The Supreme Court’s Janus v. AFSCME decision in June freed government workers nationwide—including public school teachers—from being forced to pay money to unions as a condition of employment. But that ruling was just a start toward liberating public servants from the grip of the unions that control their jobs. The next step should be eliminating the unions’ ability to establish themselves as exclusive representatives of all employees.
Even in a post-Janus world, unions in most states hold all the power in negotiating salary, benefits, and work conditions. Were teachers allowed to bargain for themselves or even to form a rival union, Big Labor would face its worst nightmare, something even more abhorrent than a right-to-work country: competition. As teacher-union watchdog Mike Antonucci writes, “The very first thing any new union wants is exclusivity,” whereby “no other unions are allowed to negotiate on behalf of people in the bargaining unit. Unit members cannot hire their own agent, nor can they represent themselves.” Teachers should be free to negotiate for themselves, without a union. The idea of a “members only” union is fair to both sides, but monopoly-minded union leaders adamantly oppose it.
The Buckeye Institute has filed two lawsuits that aim to repeal exclusivity laws. One plaintiff, Marietta, Ohio high school Spanish teacher Jade Thompson, disagrees with her union on many questions, including seniority practices and maintaining fringe benefits at the cost of cutting academic programs. Another, Kathy Uradnik, professor of political science at St. Cloud State University in Minnesota, wants out because her union bars nonmembers from serving on various faculty committees and joining the faculty senate. These public-sector teachers, and many others like them, are tired of the restrictions that unions—to which they don’t even belong—place on their work.

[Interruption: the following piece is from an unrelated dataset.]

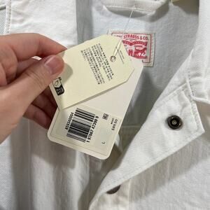 Stylish Levi's jumpsuit. Short sleeves. Button-up front. Chest pocket detail.

Another crucial step in the battles ahead: forcing unions to recertify themselves regularly. If your grandmother hired a law firm to help her get through some legal troubles, would you be forced to hire that same law firm 40 years later? Of course not. But as things stand now, grandma could have voted a union into power in the 1970s and—if you followed her into teaching—you would be represented by the same union today, with no choice in the matter. Only 6 percent of workers represented by a union today voted for that union to represent them.

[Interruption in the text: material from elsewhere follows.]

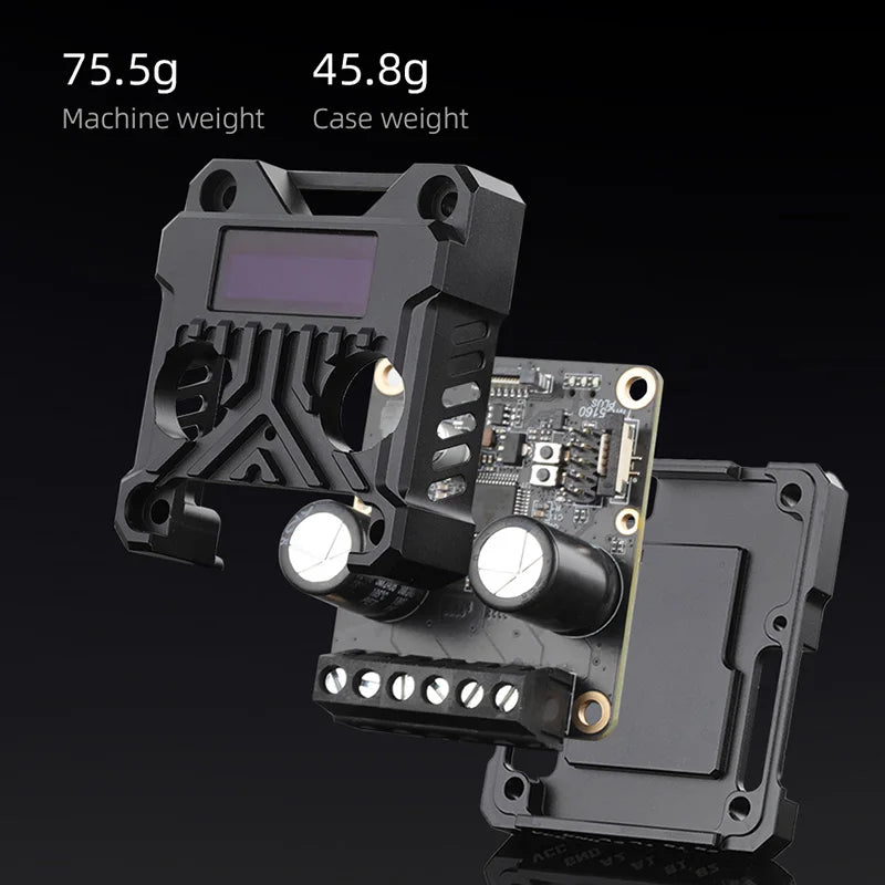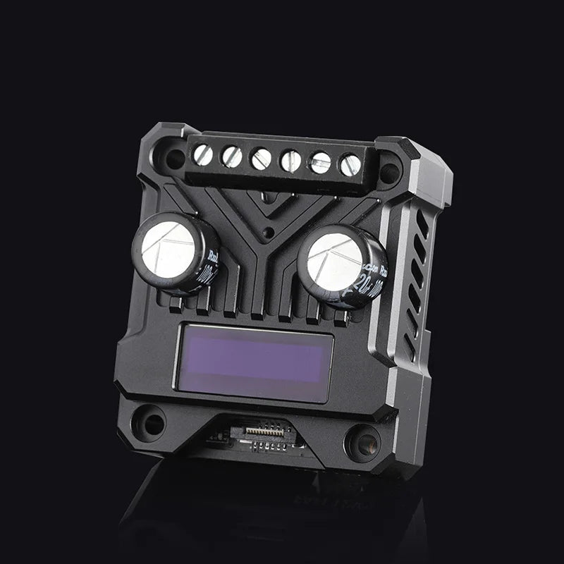 Following the chip design requirements, we provide 12V power supply for the TMC5160 chip's VSA. Additionally, the driver supports limit switches to utilize the TMC5160's unlimited limit function and includes a 12V power port for a cooling fan. The latest design armored heatsink ensures adequate cooling while offering a sleek appearance. The driver also features an LCD screen to display driver temperature and connection mode, and controllable LED lights on the back for more DIY design options.

The standard bearer for union recertification is Wisconsin governor Scott Walker, whose Act 10, among other things, specifies that unions take annual votes to maintain certification. The law was passed in 2011; by 2015, Wisconsin teachers had decertified more than 100 public school unions. “Inherited” unionism has to go: intergenerational power has no place in America.
Recertification laws don’t always go far enough, though. Under Florida’s HB 7055, 51 percent of the teachers in a school district can drag the dissenting 49 percent into collective bargaining negotiations. Again, those who don’t want to join a union should not be forced to be part of the bargaining unit.
In fact, the elimination of collective bargaining agreements (CBA) in public education may be beneficial for all concerned. The American Enterprise Institute’s Rick Hess and the Brookings Institute’s Martin West point out that CBAs are vestiges of the industrial economic model that prevailed in the 1950s, and are especially problematic on three fronts: “1) they restrict efforts to use compensation as a tool to recruit, reward and retain the most essential and effective teachers, 2) they impede attempts to assign or remove teachers on the basis of fit or performance, and 3) they over-regulate school life with work rules that stifle creative problem-solving without demonstrably improving teachers’ ability to serve students.” Since the passage of Act 10, which all but did away with collective bargaining for teachers in Wisconsin, graduation rates and the number of students taking advanced placement tests in that state have trended upward.
The Fordham Institute’s Mike Petrilli claims that CBAs hurt the bottom line of all teachers. Comparing salaries in districts across the country that allow collective bargaining with those that don’t, he found that teachers working in districts where the union was not involved made more money than those in collective bargaining districts—$64,500, on average, versus $57,500. Good teachers especially suffer under CBAs due to wage compression, which occurs when the salaries of lower-paid teachers get raised above the market rate; the increase is offset by reducing pay of the most productive ones.
The Supreme Court struck a blow for liberty in the Janus case, but other fixes are needed before the system is fair for all teachers, students, and taxpayers.